Recently, I built an E8400 on a P45, with 6 gigs of DDR2-800, a 320 gig hard drive, a 500 watt Antec 500 power supply, and a 4850.
When I install the drivers for the 4850, the computer takes HOURS to reboot. In fact, it did not reboot at all, I just eventually (five or so hours later) manually shut it off.
Also, this is after reinstalling Vista. Before, I had it installed and at random intervals after I started up the computer, I would get a blue screen of death telling me win32.exe was corrupt or some such (it ran across the screen really quick). There were other error messages as well.
Looks like a RAM problem to me as well. Let it run with only 1 or 2 sticks and see how it goes.
Btw, my motherboard manual reads: "Memory modules may require a better cooling system to work stably under full load (4 DIMMs) or overclocking setting."
does your mobo require paired RAM? If you have 3 sticks of 2 gb it may be 'looking' for the 4th stick if nothing in the slot. I guess you could always give memtest86+ a try. The weird thing is you said this happened after installing the 4850 drivers.
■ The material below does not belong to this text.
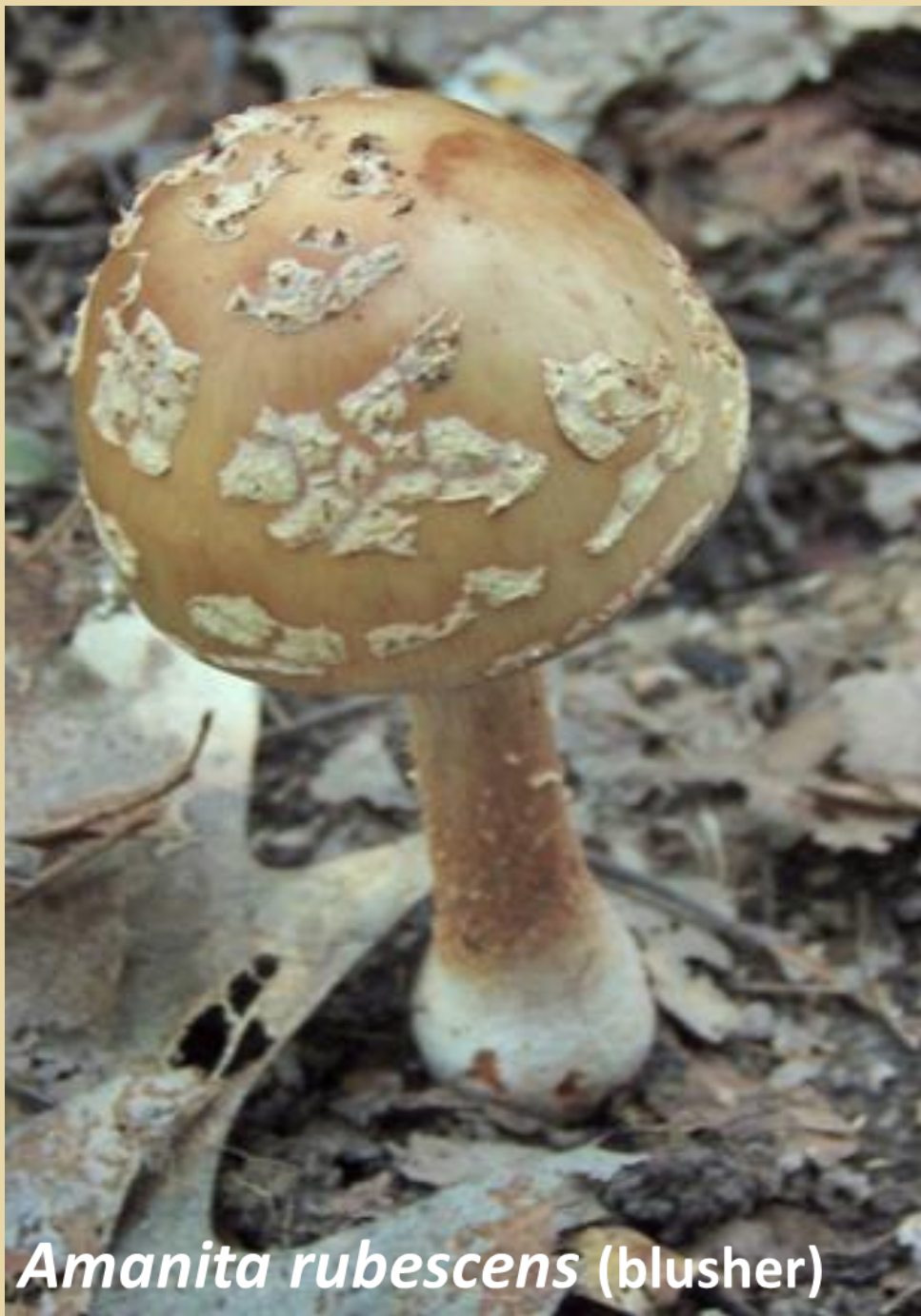
Amanita rubescens (blusher)

How far along the Reboot does it take forever? Right at the post or at the logon screen? I've had a pc that takes forever booting because of a bad HDD. May want to listen closely for clicking...
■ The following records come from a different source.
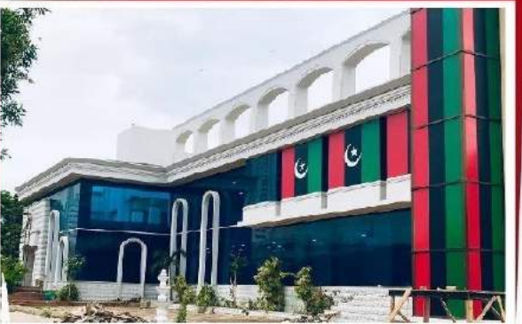
Bilawal House - Sindh Media Cell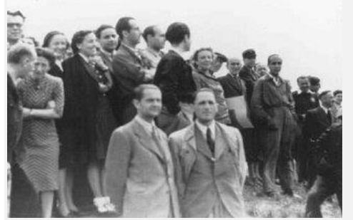
Succumbing to pressure following the to <u>Theresienstadt</u>, the Germans permitted

ghetto taken during an inspection by the International Red Cross. Prior to this visit, the ghetto was "<u>beautified</u>" in order to deceive the visitors. Czechoslovakia, June 23, 1944. ......according to the Ho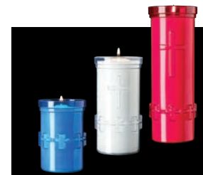
3-Day Blue 5-Day Clear 6-Day Ruby

Lightweight and disposable, Devotiona-Lites® are specially designed for a superior burn performance in an attractively embossed plastic container.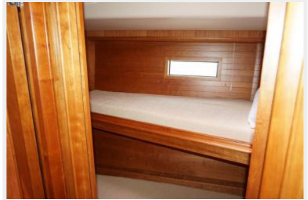
Forward Starboard Childrens Cabin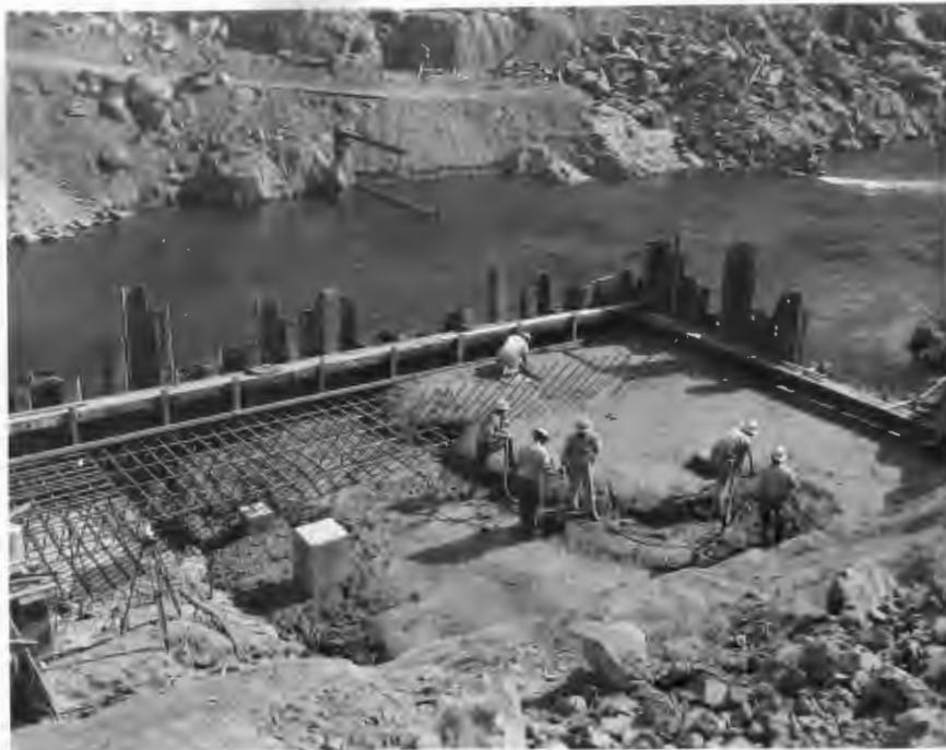
No. 189-3 10-16-58 Feather River Bridge. View back on line at concrete placing operation at Pier No. 4.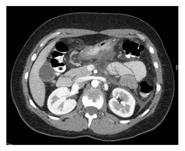
Figure 3. Normal junction of pancreatic duct and common bile duct is seen in this CT image.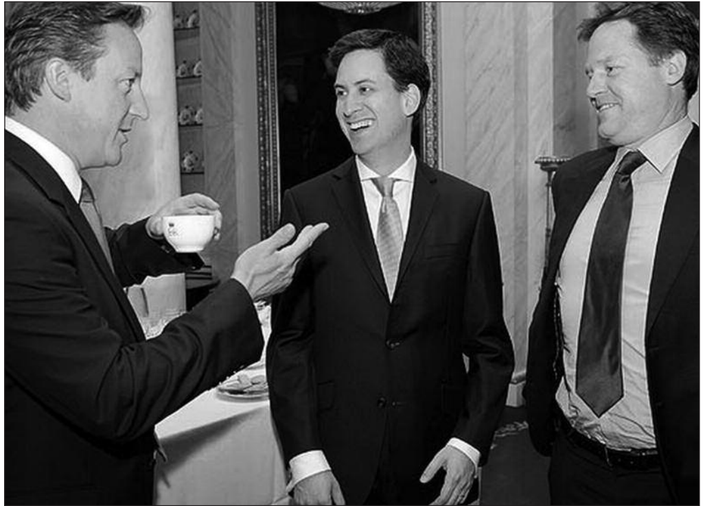
THATCHER'S BRATS: even if Labour defied predictions and won in 2015, what future do they offer workers?

And PCS held an extremely democratic consultation of members, where not one single branch in the whole of Scotland supported the No camp.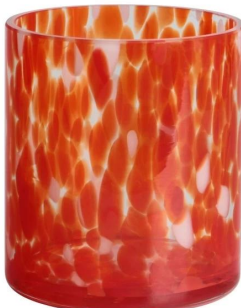
RXGQ1812 Size: T8*B8*H9cm Capacity: 270ml/6.9oz Weight: 270g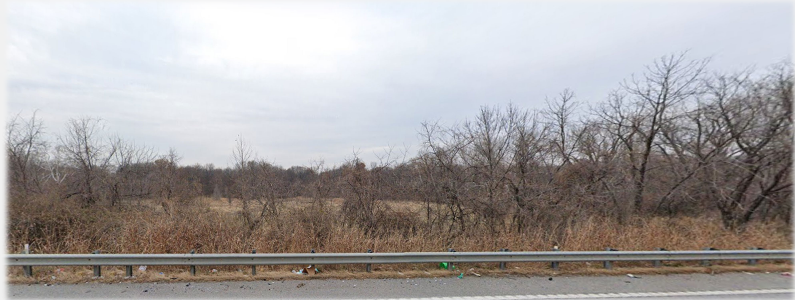
View looking west from Interstate 35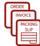
Order Management System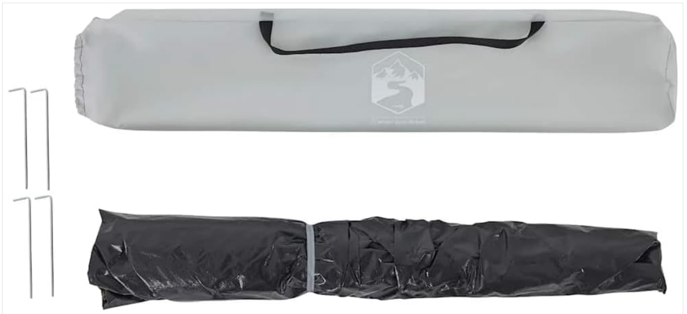
Image: The beach tent carry bag shown alongside ground stakes, indicating the complete package contents.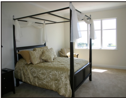
The Master suite has a lavish bath and a large walk-in closet.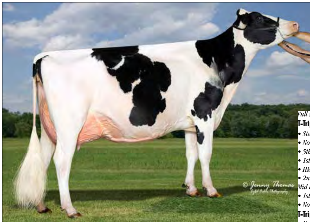
T-TRIPLE-T GOLD PROMISE-ET EX-93 EX-MS 2E DAM OF LOT 3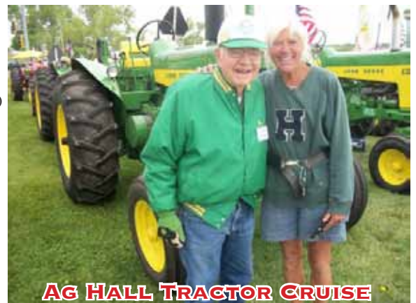
AG HALL TRACTOR CRUISE

Note: All dates are subject to change. Please check with a contact person to confirm date.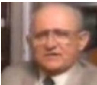
Admiral Branko Mamula, Chief of the General Staff (1979 to 1982), Minister of Defense (1982 to 1988), mastermind of the „Jedinstvo“ plan

I had similar problems with Vista and BSOD's - however after pulling my hair out over several nights I found the cause.
You say you re-installed Vista recently - the problem may be due to the memory patch required for Vista to realiably use more than 2 gigs of RAM... take 4 gigs out and then search on www.microsoft.com for the vista memory patch, download and install... re-boot... then re-install the rest of your RAM and with any luck it should cure the BSOD's
First off - Let's remove potential memory issues from the equation - Please drop to 2 sticks of RAM. If you have SP1, then KB929777 is already on your system.
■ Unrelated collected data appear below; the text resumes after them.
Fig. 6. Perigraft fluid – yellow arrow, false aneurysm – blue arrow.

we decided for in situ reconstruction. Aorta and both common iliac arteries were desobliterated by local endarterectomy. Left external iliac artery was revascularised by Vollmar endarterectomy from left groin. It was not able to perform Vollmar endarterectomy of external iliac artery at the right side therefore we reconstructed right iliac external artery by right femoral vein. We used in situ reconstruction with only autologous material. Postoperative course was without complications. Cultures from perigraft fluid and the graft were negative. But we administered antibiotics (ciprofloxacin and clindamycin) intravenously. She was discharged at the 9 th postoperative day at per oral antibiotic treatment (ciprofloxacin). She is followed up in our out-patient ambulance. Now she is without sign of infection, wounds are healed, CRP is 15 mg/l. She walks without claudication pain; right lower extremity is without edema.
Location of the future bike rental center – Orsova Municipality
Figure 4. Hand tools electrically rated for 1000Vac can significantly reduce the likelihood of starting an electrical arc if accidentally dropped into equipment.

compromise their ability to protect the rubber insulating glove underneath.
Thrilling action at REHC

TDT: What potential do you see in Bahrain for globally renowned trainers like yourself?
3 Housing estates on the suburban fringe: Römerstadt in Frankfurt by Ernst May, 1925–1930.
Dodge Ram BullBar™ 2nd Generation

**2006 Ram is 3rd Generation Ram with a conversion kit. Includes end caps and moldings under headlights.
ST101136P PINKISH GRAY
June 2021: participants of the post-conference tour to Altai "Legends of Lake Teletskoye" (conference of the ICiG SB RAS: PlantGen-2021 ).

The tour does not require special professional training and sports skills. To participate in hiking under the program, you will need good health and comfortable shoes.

You say Vista installed and worked, then when you installed the video card and drivers it refused to boot?? The first, obvious thing to check is that all power connections to the card are functional - IIRC there are two.
REMOVE the existing Video driver. If you have a 3rd party program, like DriverCleaner, use it to get any traces left behind.
Restart, then download the latest drivers from ATI and try the card again. 2 ways to do this - One is to right click the downloaded program's icon, go to Properties, and select 'Run As Administrator'. The other is to put the drivers into a folder where you can locate them again. When Vista says it found the device and is locating drivers, you will be able to point Vista to the file you downloaded. Then let Vista do it's thing.
The other "trick" to troubleshooting is to tackle one issue at a time. That's why I asked you to drop down to 2 sticks of RAM. We'll get the card running first, then tackle memory once you can see what you're doing
Message edited by Scotteq on 08-06-2008 at 03:20:51 PM
------------------------------Which Chip? Well, it depends on which set of thieving b@stardz you choose to support: The ones who use insider trading to enrich themselves while running their company into the ground? Or the ones who illegally pay vendors to not support the first group?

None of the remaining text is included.